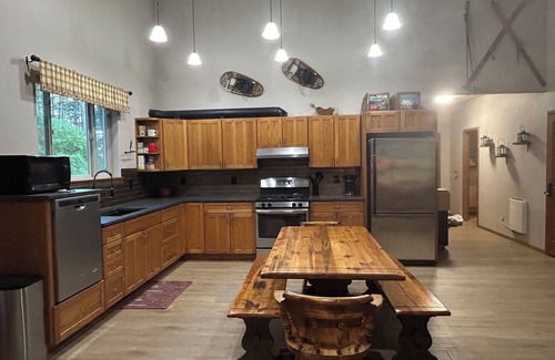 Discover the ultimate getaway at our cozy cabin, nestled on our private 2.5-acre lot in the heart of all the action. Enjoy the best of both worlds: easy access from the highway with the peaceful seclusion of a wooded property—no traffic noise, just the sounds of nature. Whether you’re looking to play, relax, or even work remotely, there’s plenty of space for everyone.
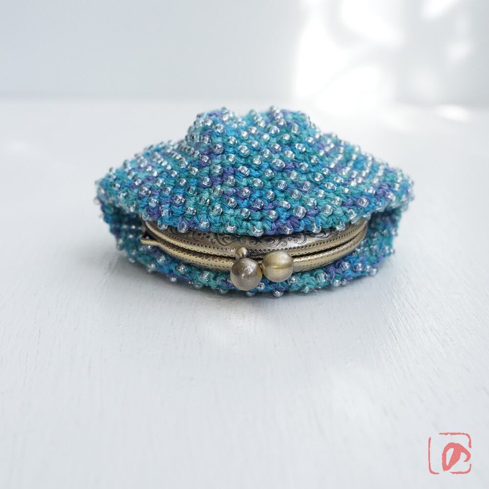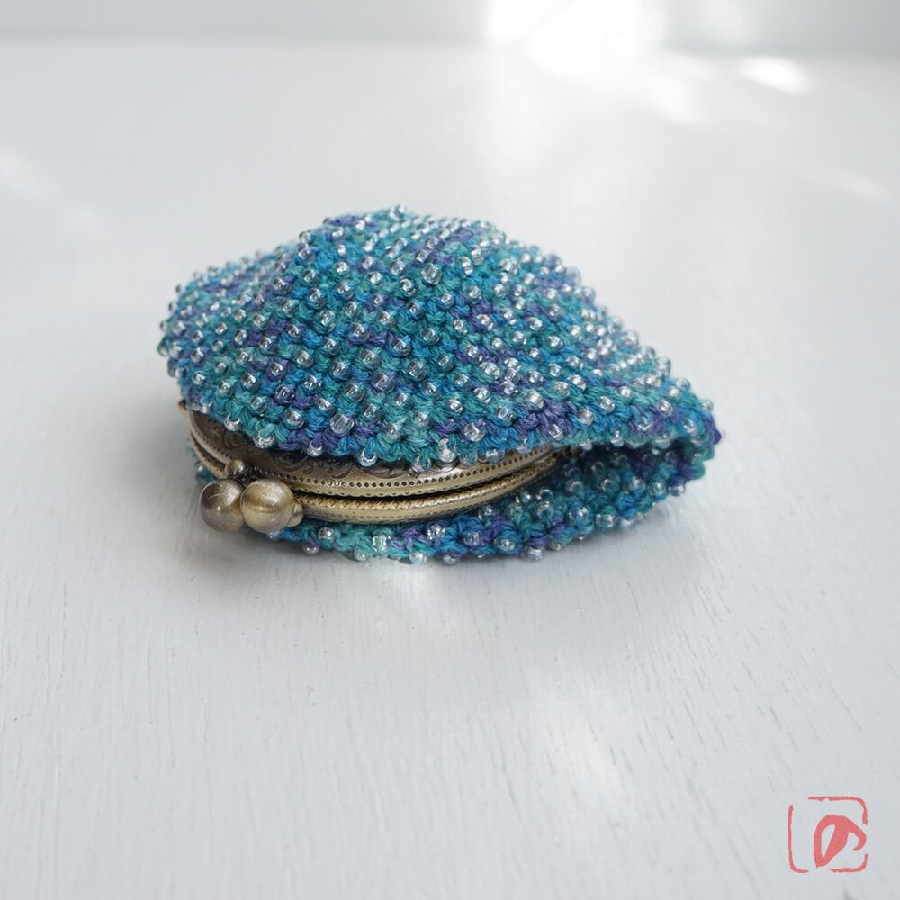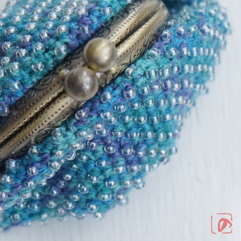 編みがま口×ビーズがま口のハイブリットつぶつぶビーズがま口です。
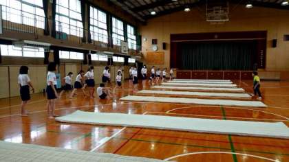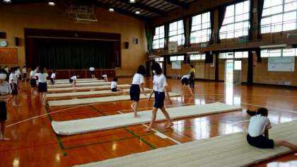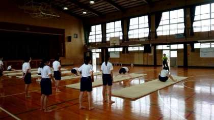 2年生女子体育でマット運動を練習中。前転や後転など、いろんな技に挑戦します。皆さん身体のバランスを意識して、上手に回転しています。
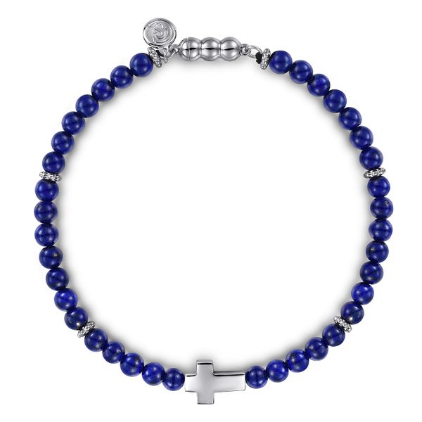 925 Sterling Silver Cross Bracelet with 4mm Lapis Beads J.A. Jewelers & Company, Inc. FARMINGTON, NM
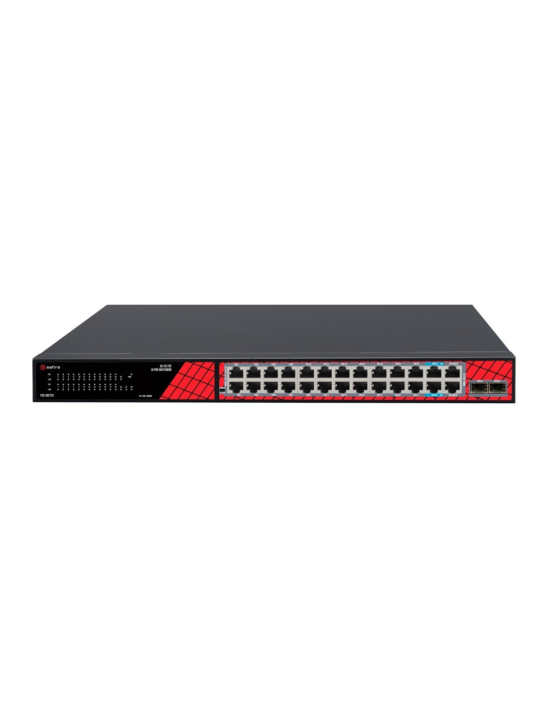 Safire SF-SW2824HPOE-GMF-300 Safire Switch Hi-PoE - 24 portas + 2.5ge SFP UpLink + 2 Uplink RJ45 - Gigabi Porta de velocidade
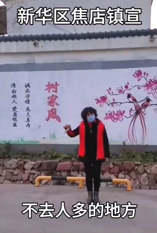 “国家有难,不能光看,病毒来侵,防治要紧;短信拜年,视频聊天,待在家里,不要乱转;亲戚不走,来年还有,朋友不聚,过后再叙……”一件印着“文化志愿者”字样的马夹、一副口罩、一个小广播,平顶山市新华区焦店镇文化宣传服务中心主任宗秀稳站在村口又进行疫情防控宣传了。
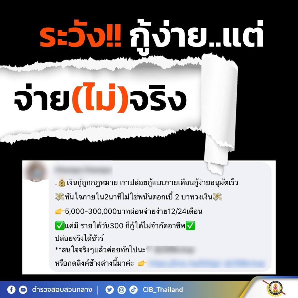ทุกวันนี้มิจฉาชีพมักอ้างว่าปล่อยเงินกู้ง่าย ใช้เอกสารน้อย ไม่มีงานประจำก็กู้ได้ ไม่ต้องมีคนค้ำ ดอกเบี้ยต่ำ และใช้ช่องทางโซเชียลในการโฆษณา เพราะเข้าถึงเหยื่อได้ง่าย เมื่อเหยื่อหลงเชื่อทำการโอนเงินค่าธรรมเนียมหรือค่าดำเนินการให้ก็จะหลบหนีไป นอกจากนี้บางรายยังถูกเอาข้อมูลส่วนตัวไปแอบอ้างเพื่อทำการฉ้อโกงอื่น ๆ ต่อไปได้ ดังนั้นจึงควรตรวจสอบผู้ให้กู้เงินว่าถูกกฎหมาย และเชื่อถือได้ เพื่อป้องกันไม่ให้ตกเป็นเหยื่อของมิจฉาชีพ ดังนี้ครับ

---

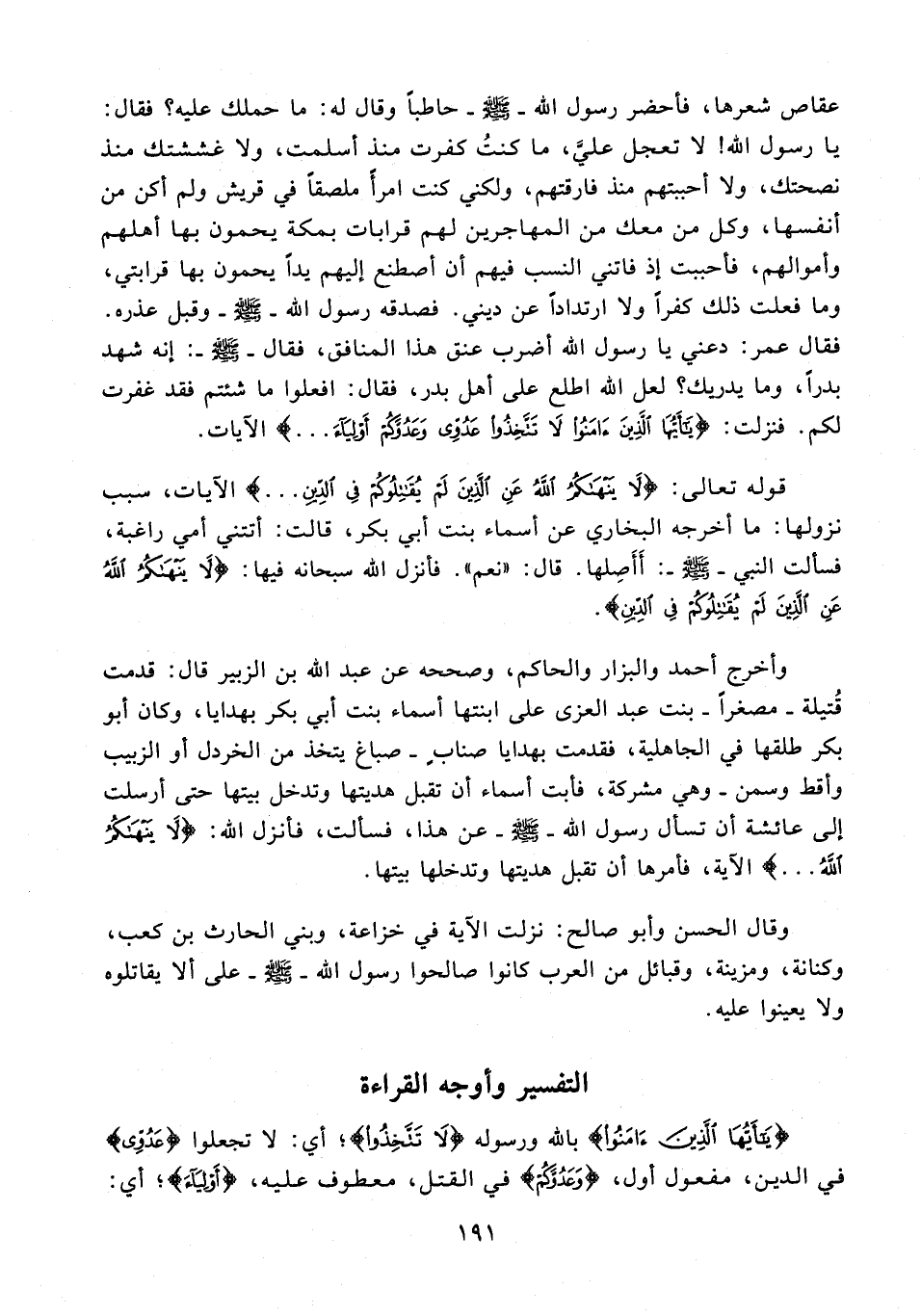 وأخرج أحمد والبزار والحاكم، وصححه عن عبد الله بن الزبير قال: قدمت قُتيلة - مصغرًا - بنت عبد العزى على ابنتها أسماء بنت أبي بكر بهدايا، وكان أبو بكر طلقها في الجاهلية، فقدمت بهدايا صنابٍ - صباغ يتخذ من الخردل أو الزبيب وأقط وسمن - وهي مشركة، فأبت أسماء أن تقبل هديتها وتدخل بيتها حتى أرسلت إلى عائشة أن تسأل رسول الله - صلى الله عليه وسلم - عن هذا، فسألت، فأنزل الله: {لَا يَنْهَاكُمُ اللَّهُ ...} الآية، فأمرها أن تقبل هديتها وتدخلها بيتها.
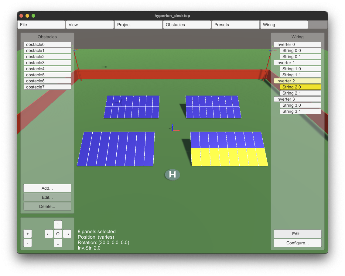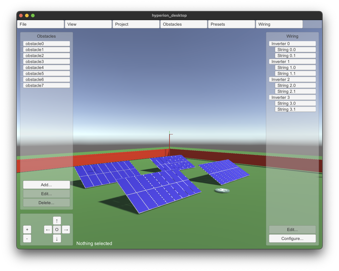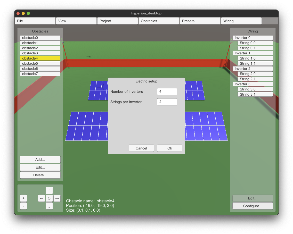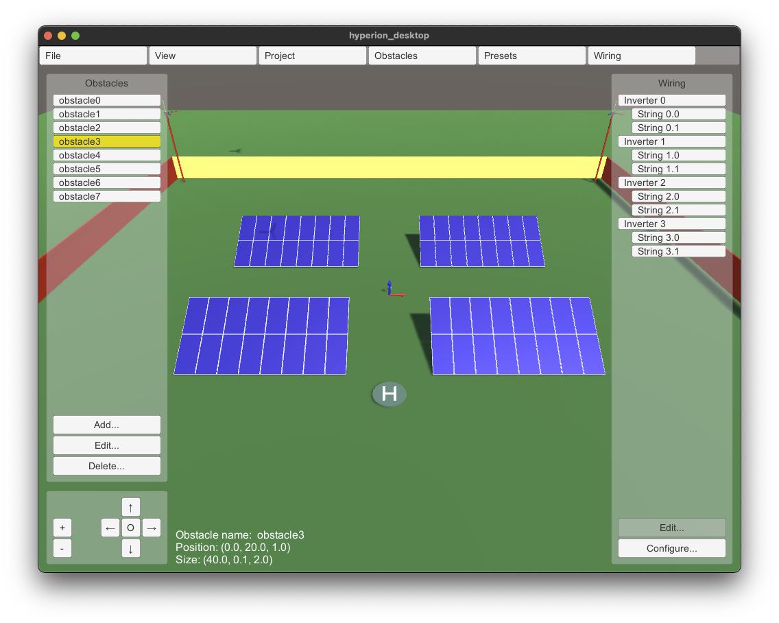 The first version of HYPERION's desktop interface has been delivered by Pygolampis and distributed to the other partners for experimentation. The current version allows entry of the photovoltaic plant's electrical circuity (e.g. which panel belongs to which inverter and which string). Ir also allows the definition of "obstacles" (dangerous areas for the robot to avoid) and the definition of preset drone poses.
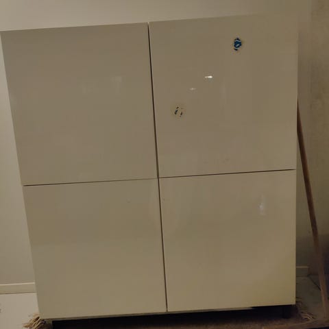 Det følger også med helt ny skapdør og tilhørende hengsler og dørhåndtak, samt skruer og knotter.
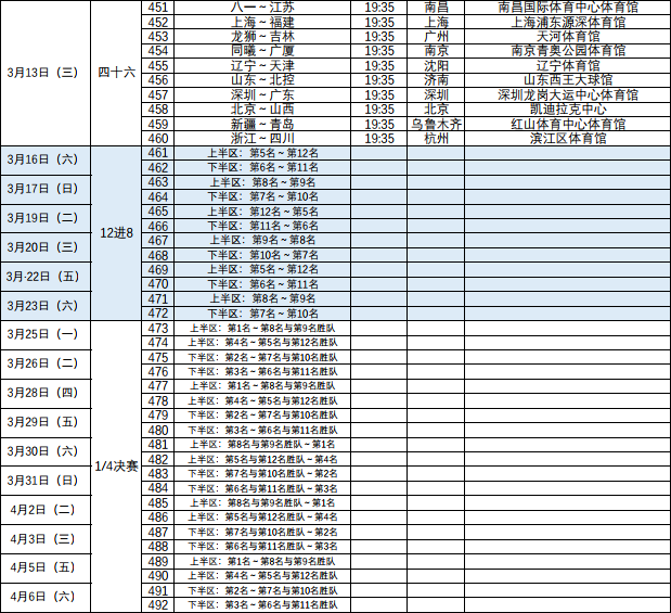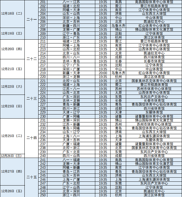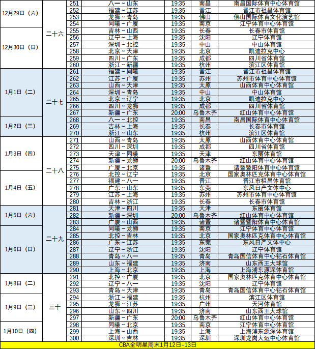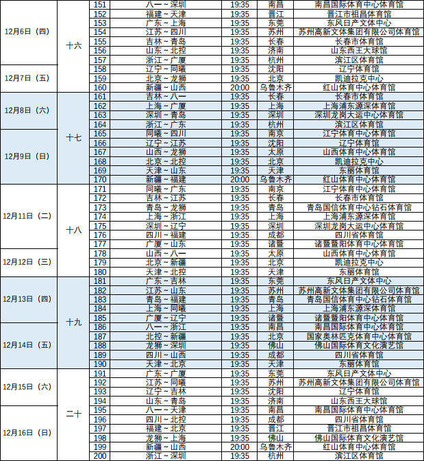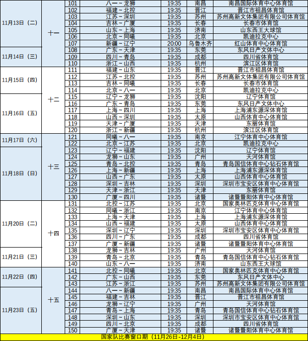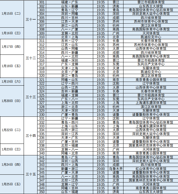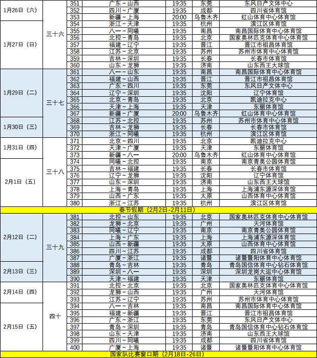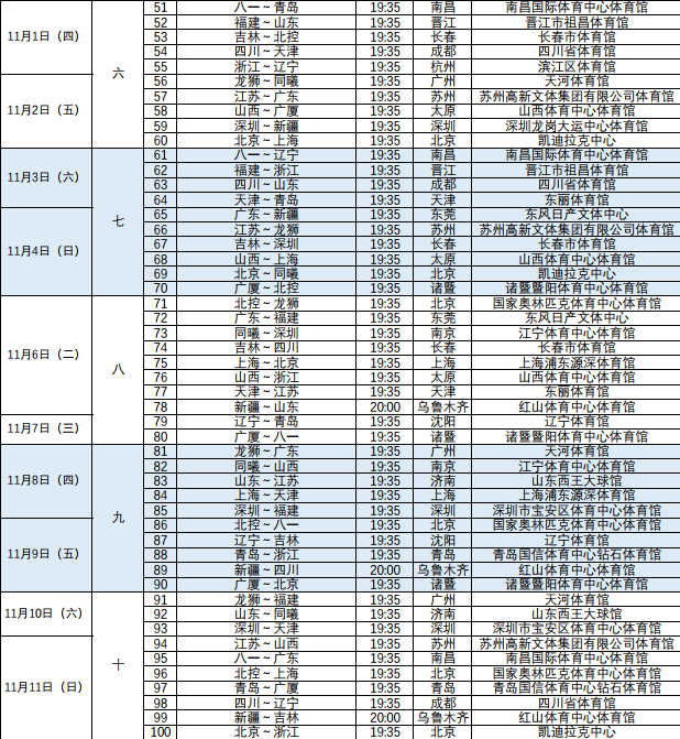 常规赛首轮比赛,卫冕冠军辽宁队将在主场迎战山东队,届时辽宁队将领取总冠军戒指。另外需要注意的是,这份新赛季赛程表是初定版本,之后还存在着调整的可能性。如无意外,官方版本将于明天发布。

- **Your objective**:
Nothing outside the stretch above, from the line with "編みがま口×ビーズがま口のハイブリットつぶつぶビーズがま口です。" through the line with "ใช้เอกสารน้อย ไม่มีงานประจำก็กู้ได้ ไม่ต้องมีคนค้ำ", is set down. Transcribe that stretch exactly, ends included, but not its pictures.

- **Response**:
 編みがま口×ビーズがま口のハイブリットつぶつぶビーズがま口です。
 2年生女子体育でマット運動を練習中。前転や後転など、いろんな技に挑戦します。皆さん身体のバランスを意識して、上手に回転しています。
 925 Sterling Silver Cross Bracelet with 4mm Lapis Beads J.A. Jewelers & Company, Inc. FARMINGTON, NM
 Safire SF-SW2824HPOE-GMF-300 Safire Switch Hi-PoE - 24 portas + 2.5ge SFP UpLink + 2 Uplink RJ45 - Gigabi Porta de velocidade
 “国家有难,不能光看,病毒来侵,防治要紧;短信拜年,视频聊天,待在家里,不要乱转;亲戚不走,来年还有,朋友不聚,过后再叙……”一件印着“文化志愿者”字样的马夹、一副口罩、一个小广播,平顶山市新华区焦店镇文化宣传服务中心主任宗秀稳站在村口又进行疫情防控宣传了。
ทุกวันนี้มิจฉาชีพมักอ้างว่าปล่อยเงินกู้ง่าย ใช้เอกสารน้อย ไม่มีงานประจำก็กู้ได้ ไม่ต้องมีคนค้ำ ดอกเบี้ยต่ำ และใช้ช่องทางโซเชียลในการโฆษณา เพราะเข้าถึงเหยื่อได้ง่าย เมื่อเหยื่อหลงเชื่อทำการโอนเงินค่าธรรมเนียมหรือค่าดำเนินการให้ก็จะหลบหนีไป นอกจากนี้บางรายยังถูกเอาข้อมูลส่วนตัวไปแอบอ้างเพื่อทำการฉ้อโกงอื่น ๆ ต่อไปได้ ดังนั้นจึงควรตรวจสอบผู้ให้กู้เงินว่าถูกกฎหมาย และเชื่อถือได้ เพื่อป้องกันไม่ให้ตกเป็นเหยื่อของมิจฉาชีพ ดังนี้ครับ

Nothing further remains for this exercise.